Дальше будет боль.
И кровь.
И снова, по кругу, боль – без конца!
Она, задыхаясь, забилась в этих страшных руках, чувствуя животный ужас, страх кролика перед удавом, страх быка, которого будут забивать, но руки почему-то разжались, она повернулась и увидела встревоженного Ланса, который что-то говорил ей.
– Не трогай меня! – закричала она, умирая от ужаса, – Никак! Никогда! Не прикасайся ко мне!
Она выбежала, всхлипывая, с кухни, и, прежде чем упасть на кровать, защелкнула задвижку своей комнаты.
Прошла неделя. Они общались друг с другом вежливо, но несколько отстраненно: Летти думала, что ей будет от этого легче, но почему-то было больно. Неужели она так привыкла пользоваться его теплом, поддержкой, любовью, не давая ничего взамен? Чужое обожание – мощный наркотик…
Воскресным вечером, когда по телевизору шёл матч по регби, а Летти сидела, свернувшись в кресле, и читала книгу по истории медицины, он спросил у неё, не отводя глаз от экрана – примерно так, как просил бы передать соль:
– Почему Крейгу можно тебя касаться, а мне нельзя?

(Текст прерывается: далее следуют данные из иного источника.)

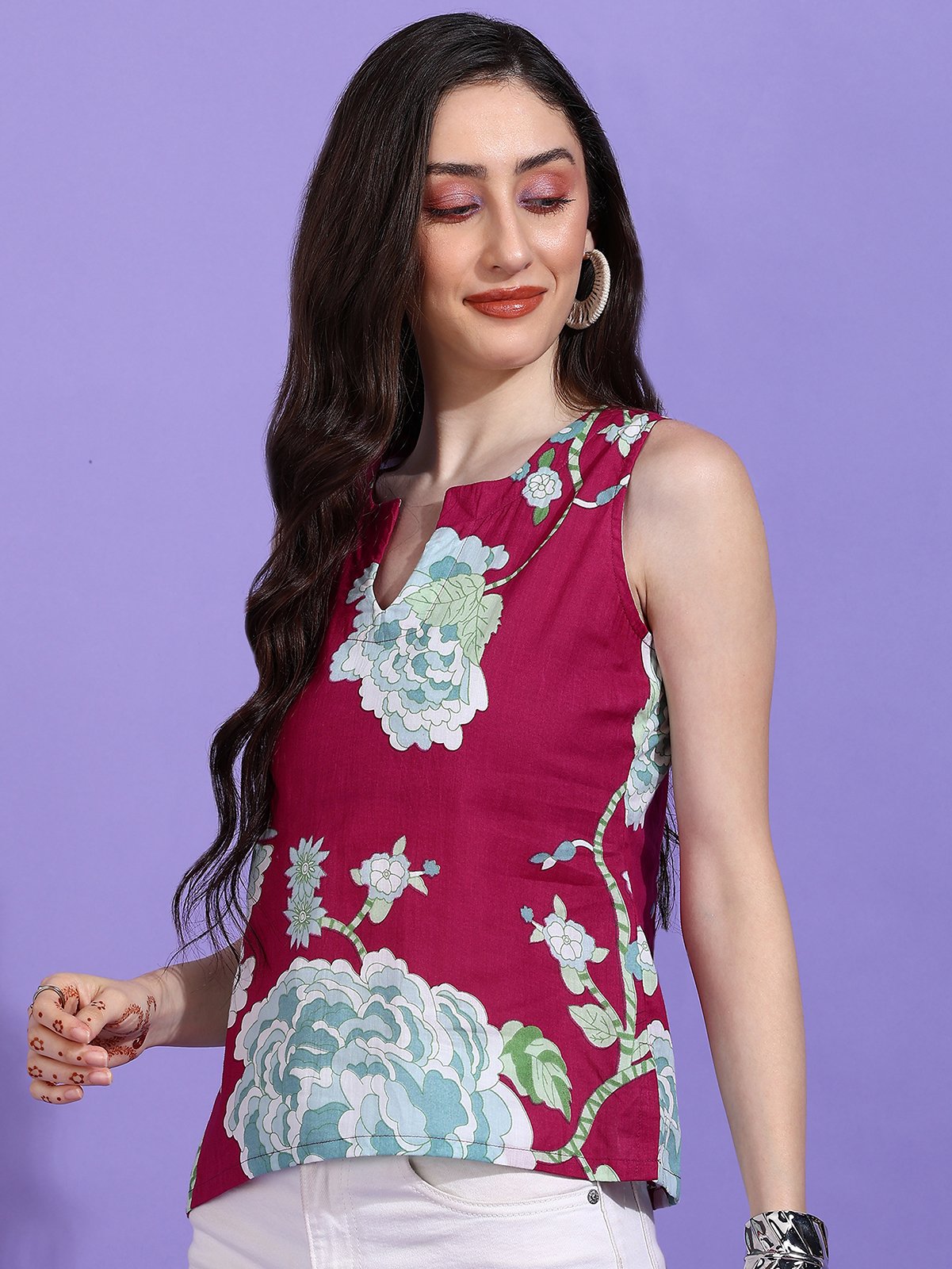 Shop the Senyora Rubira Magenta & Teal Floral Print Sleeveless Tank Top today and infuse your everyday wardrobe with dramatic color!

– Он мой парень, а ты мой брат.
Он повернул голову к ней, и она увидела, какие у него широкие зрачки – в гостиной было полутемно. Он сверлил ее этими огромными зрачками, и ей казалось, что из них изливается тьма:
– Другие братья целуют своих сестёр, они обнимают их. Друзья прикасаются к своим друзьям. Мужчины, даже при знакомстве, жмут руки друг другу! Я видел, я специально смотрел. Я смотрел на всех, кого только мог найти. Люди касаются друг друга. Почему мне нельзя тебя касаться? Назови мне настоящую причину.
– Не заставляй меня, – замялась она, но любое ее колебание в последнее время он почему-то расценивал, как приглашение надавить. Он делал это неосознанно, просто видел и знал, что, когда ей нужно, она может быть невероятно тверда с ним и даже жестока к нему.
– Скажи мне, Летти.
– Ты похож на него.
– На кого?.. – и страшная тень отца снова возникла над ними, нависла так, как будто никогда их не покидала. Его голос просел, – Нет… Нет!
– Внешне, – неловко запинаясь, пробормотала Летти, – Чем ты старше, тем больше ты похож на него. У тебя его прищур, его разворот плечей, его прическа, даже то, как ты пьешь чай… Прихлебываешь. Дуешь. Это его жесты.
– Нет, – беззащитно и потерянно сказал он, – Я не похож на него. Я совсем не как он.
– Внешне! Только внешне, Ланс. Но… Ты прикасаешься, как он. Это больше, чем я могу вынести.
Ланс потрясенно молчал, и она отвела взгляд: смотрела в пол, в сторону, в потолок, куда угодно, только не на него. Она чувствовала себя виноватой за то, что сравнивает отца и сына. Летти долгое время пыталась примириться, но у нее не получалось. Она вздрагивала каждый раз, когда видела его тень, когда смотрела на его подбородок. Она понимала, что для Ланса ужасна мысль о сходстве с отцом, что для него оскорбительно предположение о похожести. Она также догадалась, что Ланс тоскует по прикосновениям, как тосковали некоторые пожилые люди в шелтере, в котором она провела год. У них было всё: уход, личные вещи и пространство, книги и журналы, дела, которыми можно было заняться. Но им не хватало прикосновений, и Летти иногда просто брала их под руку при прогулке по лесу, прилегающему к зданию. Они все любили её за это, хотя ее история людей поначалу отпугивала: беременная восемнадцатилетняя девушка… Она не хотела лишать Ланса этого, а он был пока слишком нелюдим для того, чтобы самому, с чужим человеком, преодолеть этот барьер. Поэтому она примирительно сказал:
– Давай договоримся так: я буду тебя касаться, а ты будешь делать это, только если я прямым текстом скажу. Я обещаю, что буду делать это часто.
– Ты сказала очень серьезные слова, мне нужно над этим всем подумать.
– Это не про тебя! Это про него. Ты не виноват, что похож на него! Как я не виновата, что похожа на маму…
– Ты ни в чем не виновата, – сказал он серьезно, – И я обещаю тебе не касаться тебя, если ты не скажешь.
Тогда:
Хуже стало, когда они подросли.
Летти – со всей генетической беспощадностью, со всей мягкостью и пламенем в больших карих глазах, со всей мраморностью кожи и тонкой статью – стала походить на мать. Это было страшно для нее, мучительно для Ланса и слишком дразняще для Теваса.
Однажды отец поднялся к ним, на третий этаж: он редко это делал.